L’apparition de cette classe d’antirétroviraux dès 1996, a constitué un événement majeur dans le développement de nouvelles stratégies antirétrovirales. A l’inverse des inhibiteurs de la TI agissant pendant la phase précoce de l’infection, les inhibiteurs de la protéase (IP) bloquent la phase tardive de maturation virale. Les IP actuellement disponibles agissent comme des peptidomimétiques (à l’exception du Tipranavir) qui se lient compétitivement sur le site actif de la protéase empêchant le clivage des polyprotéines Gag et GagPol. Ainsi, en présence d’IP, les virions immatures produits, sont incapables d’infecter de nouvelles cellules. L’efficacité et la puissance des IP ont rapidement permis un meilleur contrôle de la charge virale. Ces composés ont tous un métabolisme hépatique utilisant la voie des cytochromes CYP3A. Ils sont donc l’objet d’interactions médicamenteuses contre-indiquant l’utilisation concomitante de certains médicaments, et nécessitant des ajustements de doses en fonction des combinaisons thérapeutiques employées, et des variations inter et intra individuelles.
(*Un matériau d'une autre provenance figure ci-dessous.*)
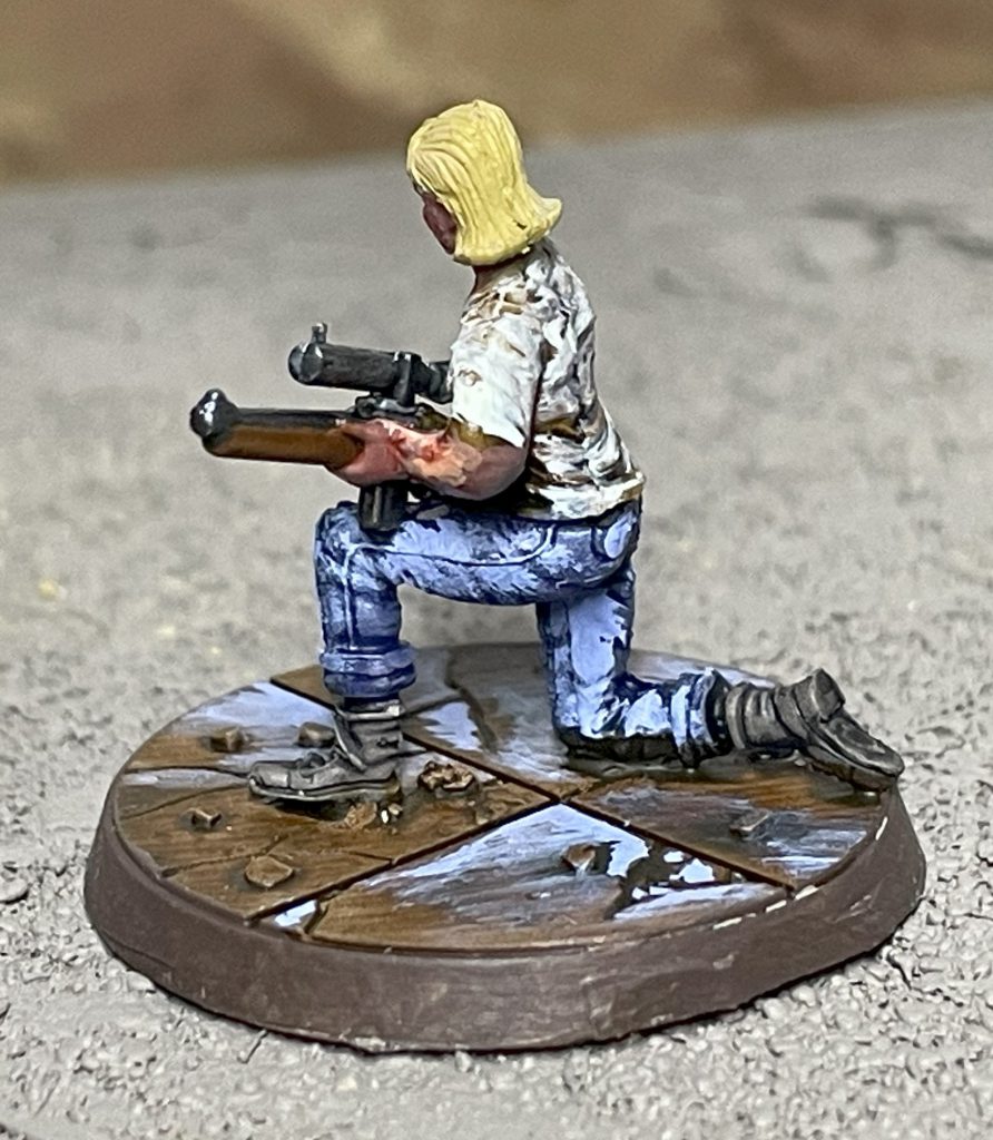 I didn’t want to stick to the patterns and colours of the Slog characters, so I went with a fairly standard fallout-ish palette of browns, greys, greens and blues. I wanted really high contrast to give a kind of comic book effect with the highlights, but didn’t fully commit to it and as a result didn’t really pull it off. There’s nothing particularly special or indeed that interesting about the cloth and clothing – paint it as you like!

Le Ritonavir (RTV), un des premiers IP mis sur le marché, n’est plus utilisé comme antirétroviral proprement dit mais comme potentialisateur ou « booster », grâce à son important effet inhibiteur du CYP3A. Ainsi, l’utilisation concomitante du RTV ralentit le catabolisme des autres IP, permettant d’augmenter la demi-vie pour certains IP (Fosamprénavir, Indinavir) ou la concentration maximale pour

plus recommandé, tous les IP actuellement utilisés doivent être administrés en présence du RTV. Des ajustements de concentrations plasmatiques peuvent être réalisés en jouant sur les doses d’IP ou de RTV selon l’IP utilisé. C’est une des classes thérapeutiques qui offre le plus d’options médicamenteuses avec 6 molécules actives contre le VIH : l’Atazanavir (ATV), le Darunavir (DRV), le Fosamprénavir (fosAPV), le Lopinavir (LPV), le Saquinavir (SQV) et le Tipranavir (TPV) (Cf.Tableau 1)

3-4. Les inhibiteurs de l’intégrase

L’enzyme intégrase représente une cible thérapeutique très intéressante dans le cycle réplicatif du VIH puisqu’il n’existe pas d’homologue chez l’homme, limitant ainsi la toxicité et les effets secondaires de ces inhibiteurs. L’intégration de l’ADN viral dans l’ADN hôte se fait en plusieurs étapes, chacune pouvant être bloquée indépendamment des autres : 1) formation du complexe enzyme-ADN viral, 2) préparation des extrémités 3’ de l’ADN viral double brin par l’intégrase, 3) import du complexe de pré-intégration du cytoplasme vers le noyau de la cellule infectée, 4) intégration de l’ADN viral dans l’ADN génomique (transfert de brin) et 5) réparation de l’ADN après intégration. Les inhibiteurs développés et actuellement commercialisés sont ceux sélectifs de l’étape du transfert de brins. En se fixant sur le complexe intégrase-ADN viral, ils empêchent ce dernier de s’intégrer dans l’ADN de la cellule hôte [66]. Quatre molécules appartenant à la famille des inhibiteurs sélectifs de transfert brins ont été développées depuis quelques années : le Raltégravir (RAL) et l’Elvitegravir (EVG) (de première génération), le Dolutégravir (DTG) (deuxième génération) et très récemment le Bictegravir(BIC). Ce sont des molécules puissantes et efficaces (Voir le chapitre III : L’Intégrase et résistance aux

inhibiteurs sélectifs de transfert du brin de l’intégrase du VIH-1).

3-5 . Les inhibiteurs de la fusion

L’inhibiteur de fusion actuellement commercialisé est l’Enfuvirtide (T20). Il s’agit d’un peptide synthétique de 36 acides aminés qui reproduit une partie de région répétée HR2 (heptad repeat region 2) de la gp41. Le T20, en se fixant de façon compétitive au domaine protéique HR1, empêche l’interaction entre HR1 et HR2 et donc le repliement de la gp41 ce qui empêche la fusion entre l’enveloppe virale et la membrane cellulaire (Cf. Tableau 1).

3-6. Antagonistes du CCR5

L’inhibiteur du corécepteur CCR5 actuellement commercialisé est le Maraviroc. L’utilisation de cette molécule nécessite la détermination préalable du tropisme des souches présentes chez un patient donné, les patients infectés par des souches à tropisme X4 ne pouvant pas bénéficier d’un traitement par Maraviroc. Les antagonistes du corécepteur CCR5, en se fixant sur le corécepteur CCR5 empêchent l'entrée du virus dans la cellule-hôte (Cf.Tableau 1).